Exercise directions
Write out again, exactly, the lines below starting at the one with "مبنى مجلس الأمة" and ending at the one with "بعد صدور مرسوم أميري بعقدها 14 مايو المقبل".

Records supplied
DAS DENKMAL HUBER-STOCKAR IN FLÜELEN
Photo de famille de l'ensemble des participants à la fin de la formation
...
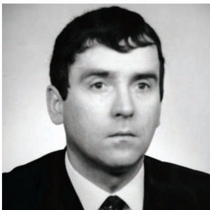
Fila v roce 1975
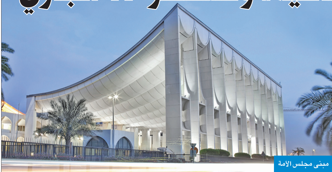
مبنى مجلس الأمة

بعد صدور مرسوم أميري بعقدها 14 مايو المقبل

Result of this exercise
مبنى مجلس الأمة

بعد صدور مرسوم أميري بعقدها 14 مايو المقبل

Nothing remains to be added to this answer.